Vital need for modeling

The outbreak of COVID-19 and its accompanying pandemic has created an unprecedented challenge and unilateral response worldwide, and urged every nation to deploy its utmost resources toward combating the disease whilst managing the economic and social impacts. Tracking the epidemic and estimating the size of the infected population and effects of potential guidelines and restrictions has become a critical priority for most governments around the globe as it has immediate ramifications on all subsequent policy interventions (e.g., see [37]).

Stochastic processes are designed to deal with change that involves randomness and uncertainty, both aspects that are paramount to the COVID-19 outbreak. In particular, partially-observable stochastic processes specifically account for incomplete knowledge of a system that arises from having only incomplete knowledge about a situation. A common form of partial observation is one whereby the state of the system, or each component of the system, can be observed with only a certain degree of certainty. An example is the case of biological invasions, whereby an invasive species or individual of the species can be detected with only a certain probability upon each survey (e.g., see [8]). Another application is in medical testing, where a test can provide a false negative, so that the infection can then only be detected with a certain probability for an infected individual upon administering the test (e.g., see [9, 10]). Further applications of partially-observable stochastic processes include (but are not limited to) recognizing patterns [11], analyzing digital signals [12], and understanding biological processes [13, 14].

In this paper, we focus on modeling the early stages of the COVID-19 outbreak in Australia, and provide an epidemic model that complements others in use by providing extremely accurate estimates of COVID-19 transmission in Australia, including estimates of hidden cases, in timeframes relevant to policy implementation. More precisely, we utilize a special class of stochastic processes, the partially-observable pure birth process, to model the dynamics of the COVID-19 population in Australia. In the present epidemiological context of modeling the COVID-19 outbreak, the main source of uncertainty comes from the stochastic dynamics of the system as well as the structure of sampling in which each infected individual can be tested with only a certain degree of certainty. Our model particularly suits situations where the number of infected citizens is minimal compared to the total at-risk population, which is the case for the majority of regional and national jurisdictions.
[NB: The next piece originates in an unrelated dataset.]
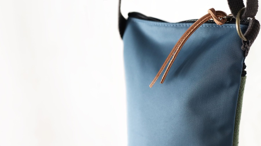 開け閉めがスムーズになり使いやすくなるジッパータブ。シンプルなサコッシュには長めの"ナイフシェイプ ジッパープーラー"を付けました。姫路レザーのヌメ革を使用しているので質感も良く、実際に使ってみても長い方が引きやすい。なにより自然素材の本革なので"ヘンプコットン"との相性も良く、使っていくうちに革も馴染みアジも出る。シンプルなバッグゆえ、ちょっとした"デザイン・エッセンス"になります。

This is a critical phase of disease spread, and requires policy measures that effectively control growth. The effectiveness of these policies, in turn, depends heavily on the quality of the models used and the precision of the estimates that they generate. The following two features of our model establish its benefits relative to other epidemiology models:

  1. The robust predictive nature where, with only small amounts of data, the (subsequently released) future actual values are forecasted very well;
  2. The capability to estimate not only the growth rate of the COVID-19 cases, but also the percentage of unobserved cases, which represent those in the population who have not been officially diagnosed.


The key contributions of this work include (but are not limited to):

  • identifying two structural break points in the numbers of new cases coinciding with where the dynamics of the COVID-19 population are altered: the first, a major break point, on 27 March 2020, is one week after implementing the “lockdown restrictions”, and the second minor point on 18 April 2020, is one week after the “Easter break”;
  • forecasting the future daily numbers of new cases up to around 8 weeks in advance with extremely low mean absolute percentage errors (MAPEs) using a relative paucity of data, namely, MAPE of 1.53% using 20 days of data to predict the number of new cases for the following 6 days, MAPE of 0.43% using 34 days of data to predict the number of new cases for the following 14 days, and MAPE of 0.26% using 55 days of data to predict the number of new cases for the following 52 days;
  • estimating approximately 33% of COVID-19 cases as unobserved by 26 March 2020, reducing to less than 5% after implementing the Government’s constructive restrictions;
  • predicting that the growth rate, prior to the Government’s implementation of restrictions, was on a trajectory to infect numbers equal to Australia’s entire population by 24 April 2020;
  • estimating the dynamics of the growth rate of the COVID-19 population to slow down to a rate of 0.820 after the first break point, with a rise to 0.979 after the second break point;
  • advocating the outlined stochastic model as practically beneficial for policy makers when considering implementation and easing of virus restrictions due to the demonstrated sensitivity of the dynamics of the COVID-19 population in Australia to both major and minor system changes.

Modeling: Dynamics of the COVID-19 population in Australia

A Continuous-time Markov population Process (CTMPP) is a class of stochastic processes often used to model biological phenomena (e.g., see [1517]). The study of a CTMPP under partial observations, referred to as a “partially-observable continuous-time Markov population process” (PO-CTMPP) is of interest for the present study. A special class of PO-CTMPPs is the partially-observable pure birth process (PO-PBP) whereby, while the underlying model is a stochastic “pure birth process”, observations are made partially according to a binomial distribution.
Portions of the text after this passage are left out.